Ni Lei, Wang Qihui, Wang Yilong, Du Yaqi, Sun Zhenggang, Fan Guoguang, Li Ce, Wang Guan
Department of Radiology, The First Hospital of China Medical University, No.155, North Nanjing Street, Shenyang, 110001, Liaoning, China.
Department of Clinical Laboratory, The First Hospital of China Medical University, Shenyang, China.
Cancer Imaging. 2024 Jul 16;24(1):94. doi: 10.1186/s40644-024-00739-y.
To explore the pulmonary-vascular-stump filling-defect on CT and investigate its association with cancer progression.
Records in our institutional database from 2018 to 2022 were retrospectively analyzed to identify filling-defects in the pulmonary-vascular-stump after lung cancer resection and collect imaging and clinical data of patients.
Among the 1714 patients analyzed, 95 cases of filling-defects in the vascular stump after lung cancer resection were identified. After excluding lost-to-follow-up cases, a total of 77 cases were included in the final study. Morphologically, the filling-defects were dichotomized as 46 convex-shape and 31 concave-shape cases. Concave defects exhibited a higher incidence of increase compared to convex defects (51.7% v. 9.4%, P = 0.001). Among 61 filling defects in the pulmonary arterial stump, four (6.5%) increasing concave defects showed the nuclide concentration on PET and extravascular extension. The progression-free survival (PFS) time differed significantly among the concave, convex, and non-filling-defect groups (log-rank P < 0.0001), with concave defects having the shortest survival time. Multivariate Cox proportional hazards analysis indicated that the shape of filling-defects independently predicted PFS in early onset on CT (HR: 0.46; 95% CI: 0.39-1.99; P = 0.04). In follow-ups, the growth of filling-effects was an independent predictor of PFS (HR: 0.26; 95% CI: 0.11-0.65; P = 0.004).
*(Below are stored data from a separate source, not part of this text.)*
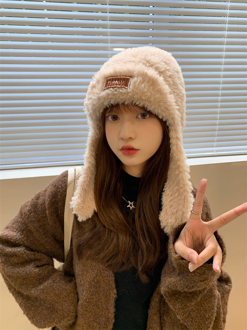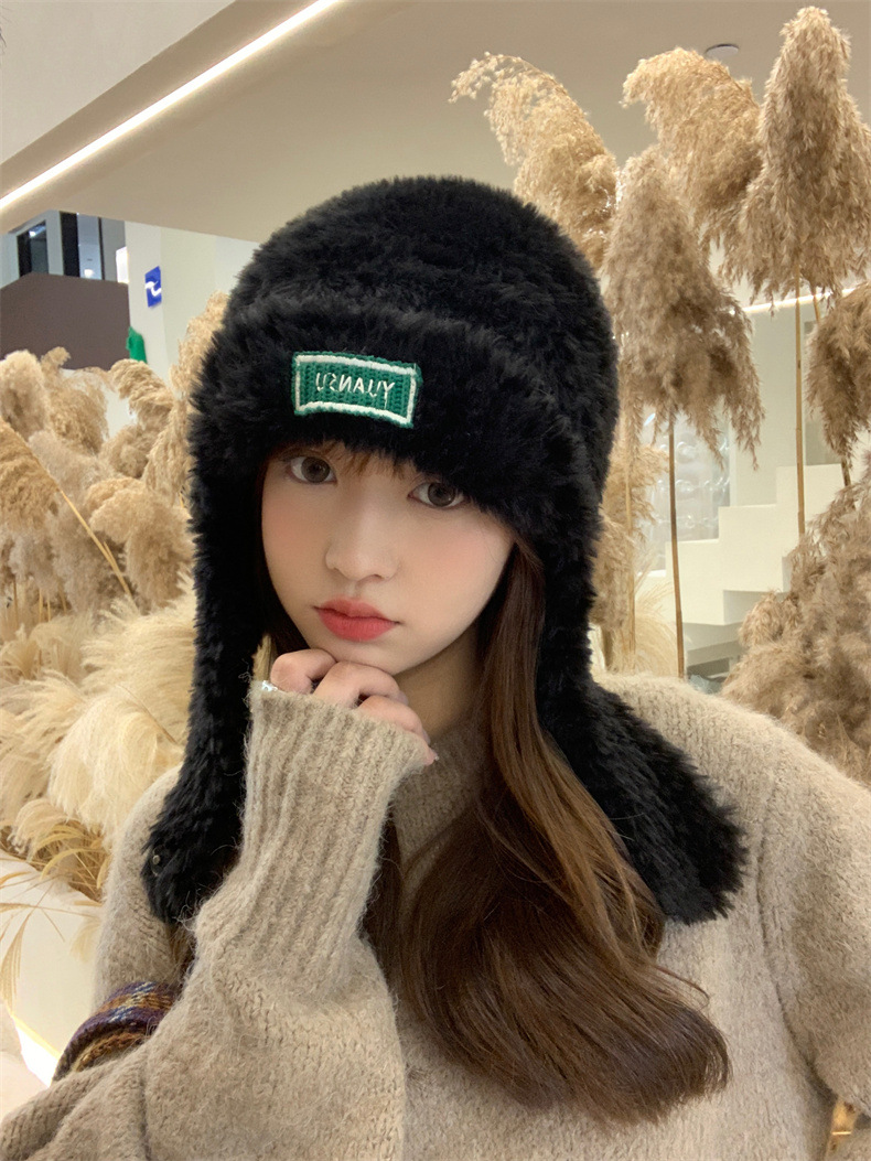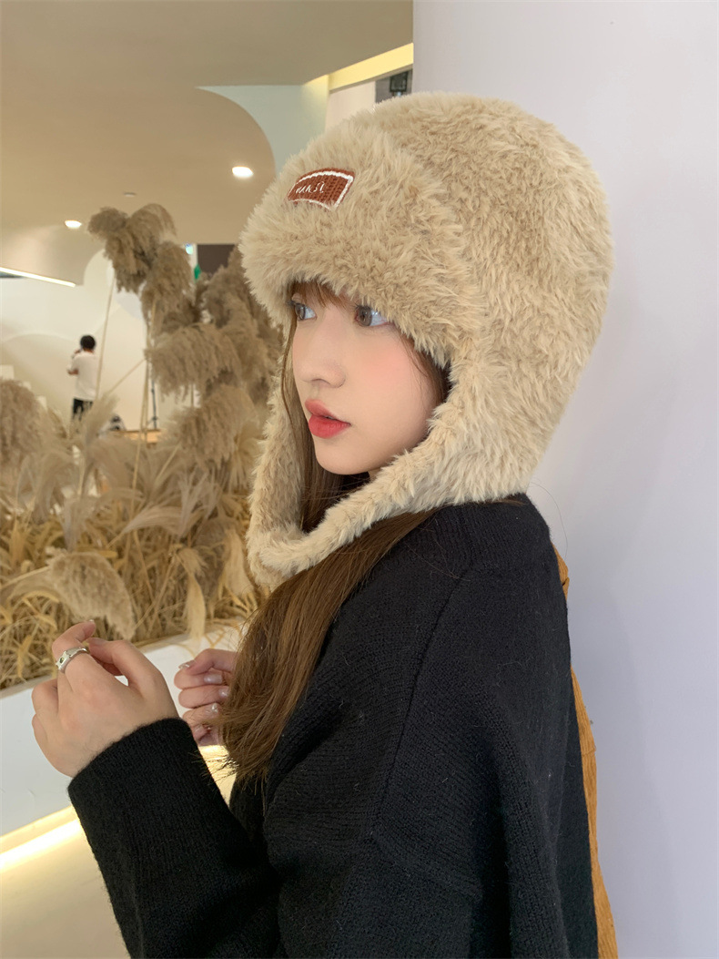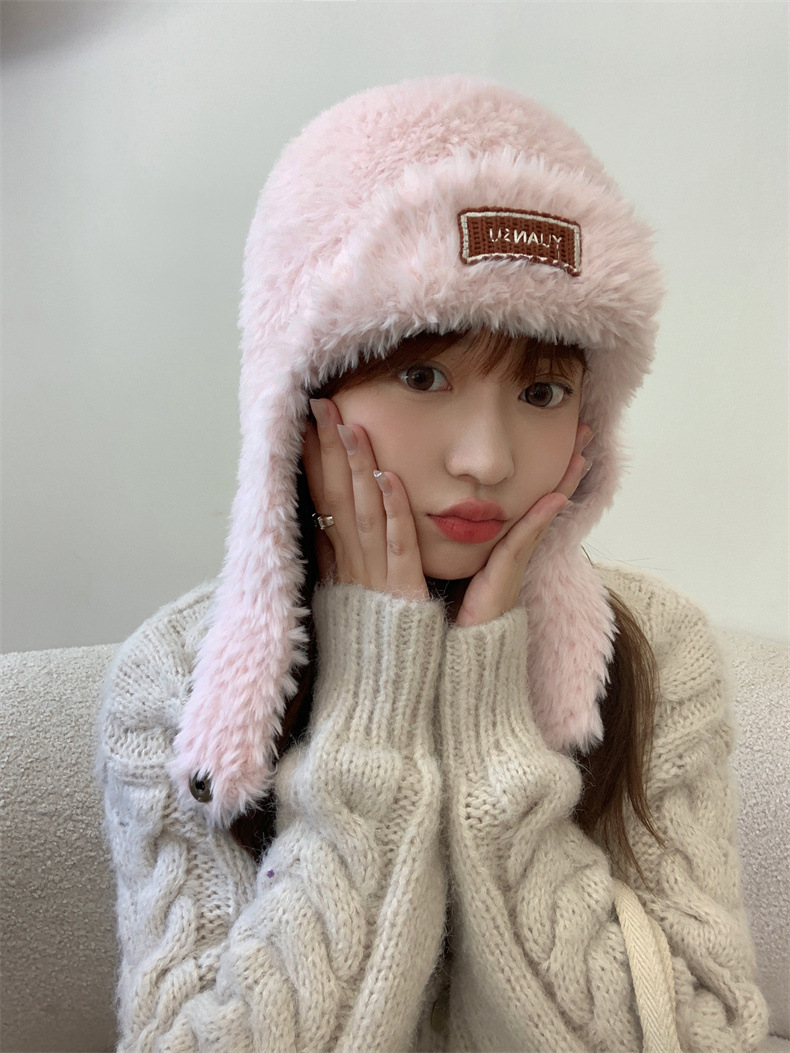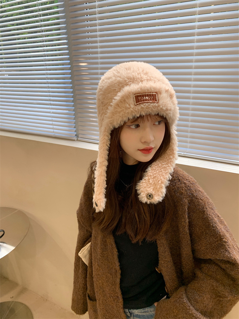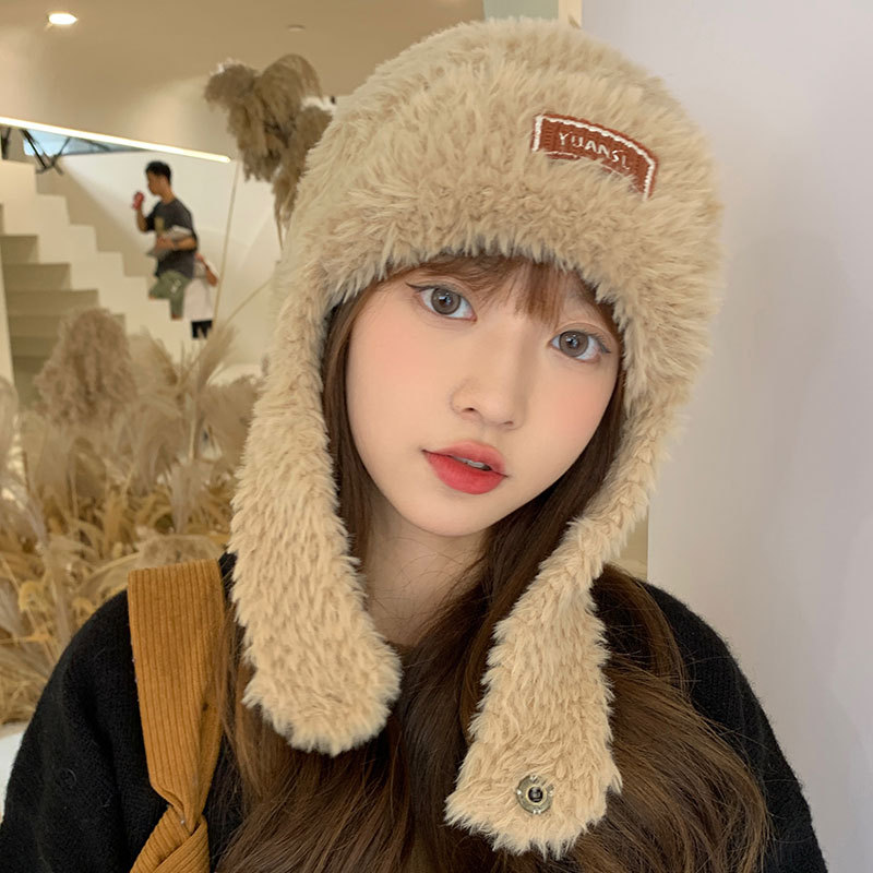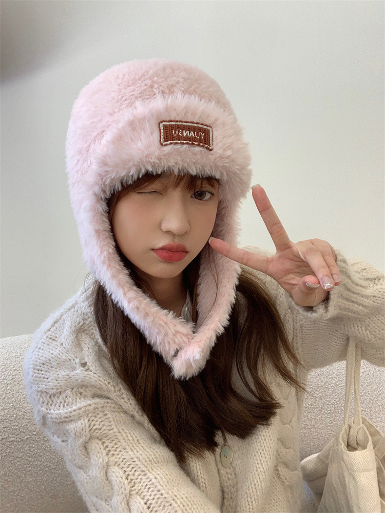 加绒保暖雷锋帽子秋冬季女士东北防寒毛绒包包针织帽羊羔毛可爱帽
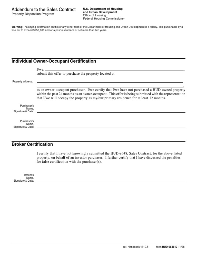 HUD Home Owner Occupant Certification Form
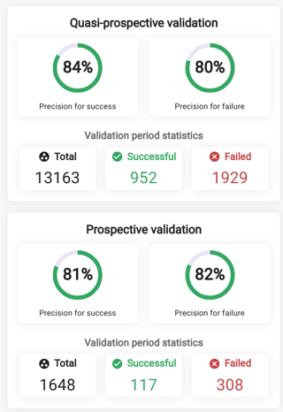任峰:在inClinico中我們進(jìn)行四種類型的驗證:1)回顧性的驗證,使用整個歷史數(shù)據(jù)集中的90%進(jìn)行訓(xùn)練,并將另10%用于測試;2)準(zhǔn)前瞻性驗證,使用2018年-2020年的數(shù)據(jù)進(jìn)行訓(xùn)練,使用在2020年以后數(shù)據(jù)進(jìn)行測試;3)前瞻性驗證,我們對某些臨床試驗展開預(yù)測,并將結(jié)論發(fā)表在預(yù)印本網(wǎng)站上,然后等待該臨床試驗得到一個結(jié)果;4)與制藥公司的合作伙伴進(jìn)行前瞻性研究,這是最困難的一種,你必須和合作伙伴一起等待數(shù)年。而且很多事情都可能出錯。在2019年,我們與一家跨國制藥公司進(jìn)行了驗證合作。他們在年初制定了10項試驗,在2020年12月,其中8項試驗被準(zhǔn)確預(yù)測。
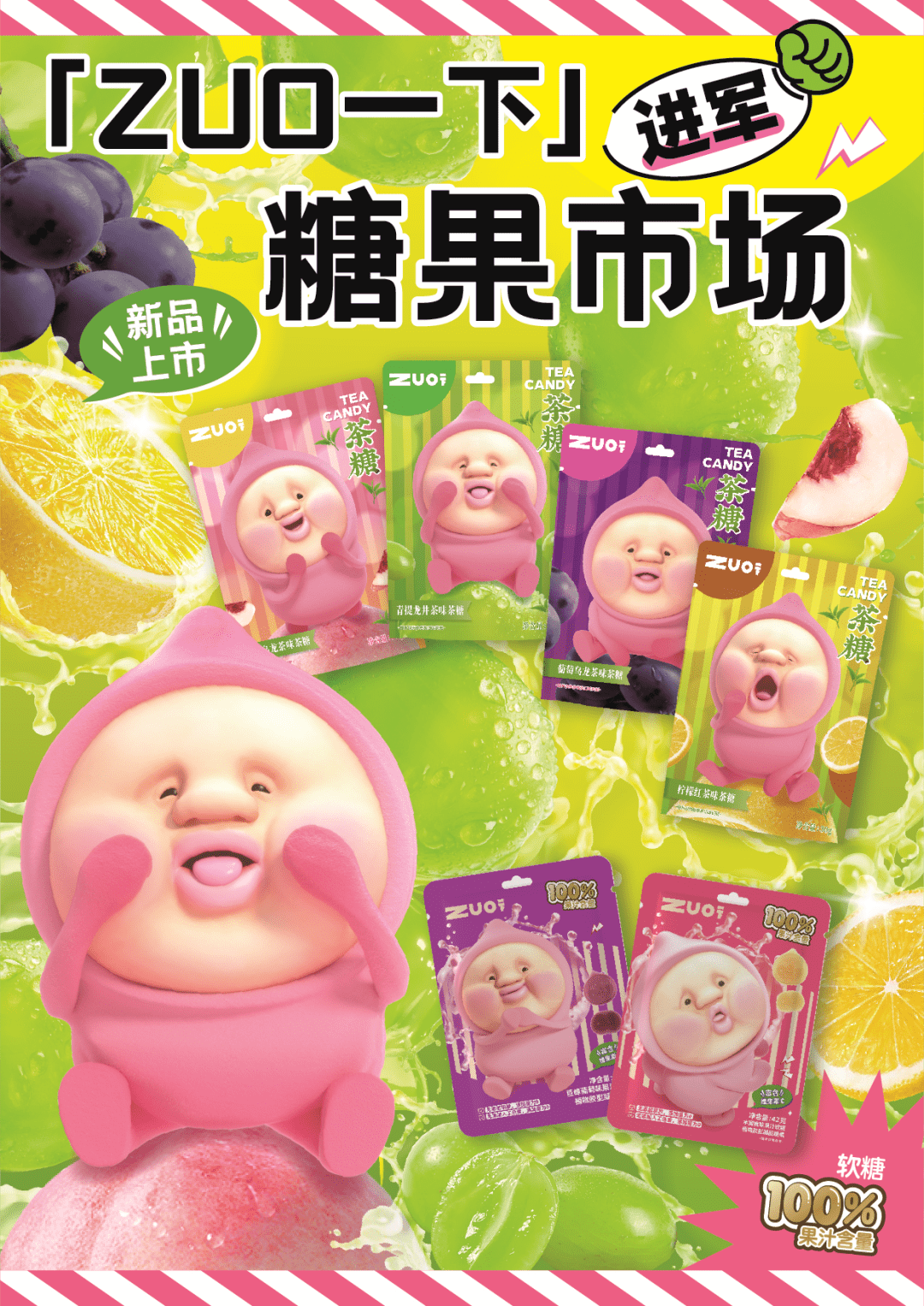 事实上,ZUO一下拥有的不仅是屁桃形象的联名包装权利,作为国内独家总代理,他们还掌握着出版、游戏、玩具等其他再授权业务,从而能够充分发挥此IP的商业价值。前不久,ZUO一下就推出了屁桃潮玩零食新品,更进一步深化屁桃果冻是潮玩零食的消费认知。
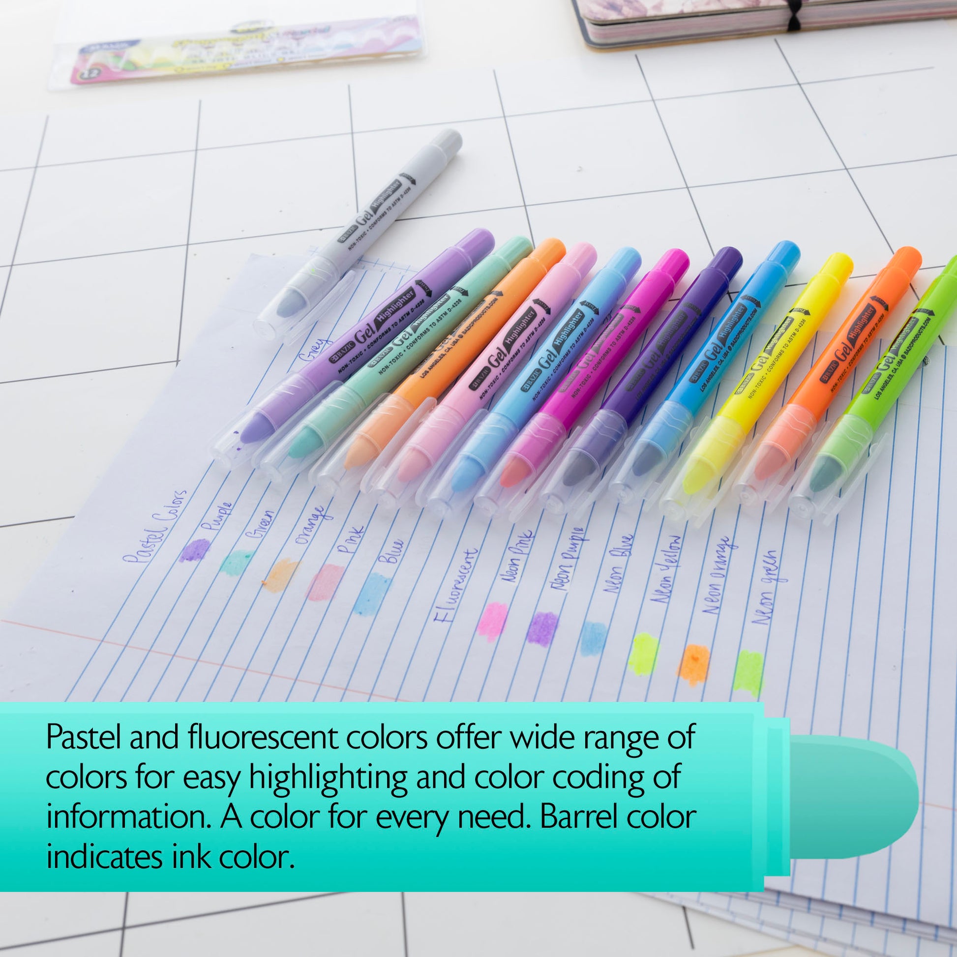 - PASTEL & FLUORESCENT. Assortment of pastel and fluorescent colors offer wide range of colors for easy highlighting and color coding of information. A color for every need. Barrel color indicates ink color.

Certain filling-defects in the pulmonary-arterial-stump post lung tumor resection exhibit malignant growth. In the early onset of filling-defects on CT, the concave-shape independently predicted cancer-progression, while during the subsequent follow-up, the growth of filling-defects could be used independently to forecast cancer-progression.
探讨CT上肺血管残端充盈缺损情况,并研究其与癌症进展的关系。
回顾性分析我院2018年至2022年机构数据库中的记录,以确定肺癌切除术后肺血管残端的充盈缺损情况,并收集患者的影像学和临床资料。
在分析的1714例患者中,发现95例肺癌切除术后血管残端充盈缺损。排除失访病例后,最终纳入77例进行研究。形态学上,充盈缺损分为46例凸形和31例凹形。与凸形缺损相比,凹形缺损的增加发生率更高(51.7%对9.4%,P = 0.001)。在61例肺动脉残端充盈缺损中,4例(6.5%)增加的凹形缺损在PET上显示核素浓聚及血管外延伸。凹形、凸形和无充盈缺损组的无进展生存期(PFS)时间差异有统计学意义(对数秩检验P < 0.0001),凹形缺损的生存期最短。多因素Cox比例风险分析表明,充盈缺损的形态在CT早期独立预测PFS(HR:0.46;95%CI:0.39 - 1.99;P = 0.04)。随访中,充盈效应的增长是PFS的独立预测因素(HR:0.26;95%CI:0.11 - 0.65;P = 0.004)。
肺肿瘤切除术后肺动脉残端的某些充盈缺损呈现恶性生长。在CT上充盈缺损早期,凹形独立预测癌症进展,而在随后的随访中,充盈缺损的增长可独立用于预测癌症进展。